Abstract
Tourism studies acknowledge important connections between mobility, intimacy, and sex, yet research has been disproportionately oriented toward heterosexual, commercial sex tourism and outcome-driven encounters. This emphasis has left digitally mediated, queer, and non-commercial practices underexplored. In particular, studies on men who have sex with men have often focused on corporeal encounters or assumed monogamous frameworks, overlooking the affective, digital, and intersectional dynamics that increasingly shape contemporary tourism. Mobile dating apps such as Grindr have transformed how intimacy and desire unfold during travel, yet their role in recalibrating erotic capital, generating emotional ambivalence, and reproducing racialised hierarchies remains under-theorised. Addressing this gap requires a reconceptualization of sex as leisure in tourism that accounts for digital infrastructures, affective complexity, and intersecting inequalities.
This thesis investigate how queer male tourists negotiate sex, intimacy, and desire through Grindr, foregrounding digital intimacy, emotional ambivalence, and the racialised politics of desirability. It draws on 26 in-depth interviews with queer male tourists, complemented by reflexive auto-ethnographic vignettes, and adopts a constructivist-interpretivist approach to explore how mobility and digital infrastructures shape erotic experience.
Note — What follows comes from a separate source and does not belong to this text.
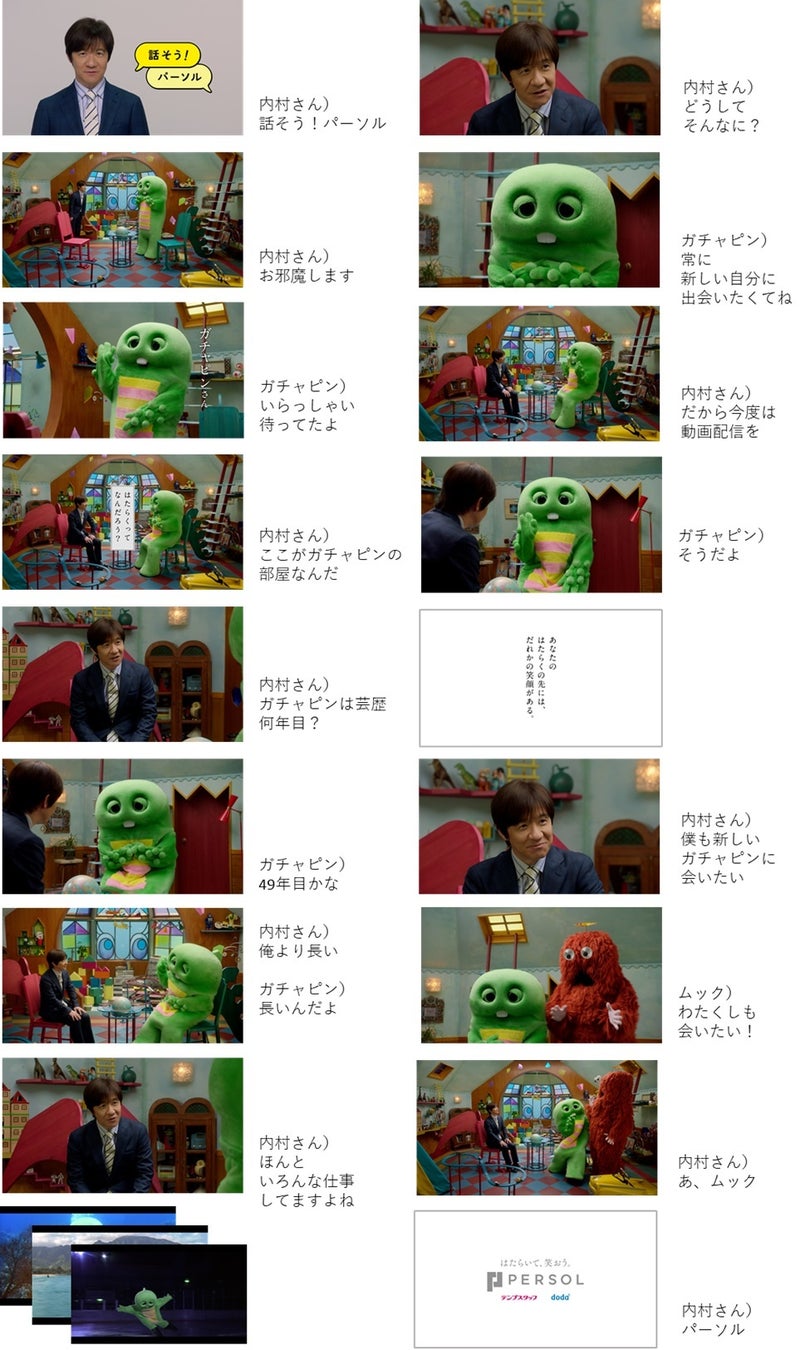 「ガチャピン篇」:https://youtu.be/NW3NGi6xCgU

This thesis by manuscript is presented through three interlinked papers. The first introduces the concept of cyber-sexual leisure, theorising digitally mediated erotic engagements as a significant form of sex as leisure that often produces both pleasure and ambivalence. The second manuscript extends tourism scholarship from dyadic to extradyadic framings, analysing how Grindr enables sexual non-monogamy during travel, resisting heteronormative expectations while supporting wellbeing amongst couples. The third centres queer men of colour, conceptualising racialised digital embodiment and touristic erotic repositioning to capture how erotic capital shifts across sexual fields through mobility.
Taken together, these contributions demonstrate how sex in tourism can no longer be theorised through narrow categories of risk, deviance, or corporeality. Instead, the thesis advances an intersectional and digitally attuned reconceptualization of sex as leisure, showing how queer tourists’ experiences are simultaneously structured by affect, mobility, digital infrastructures, and intersecting axes of power.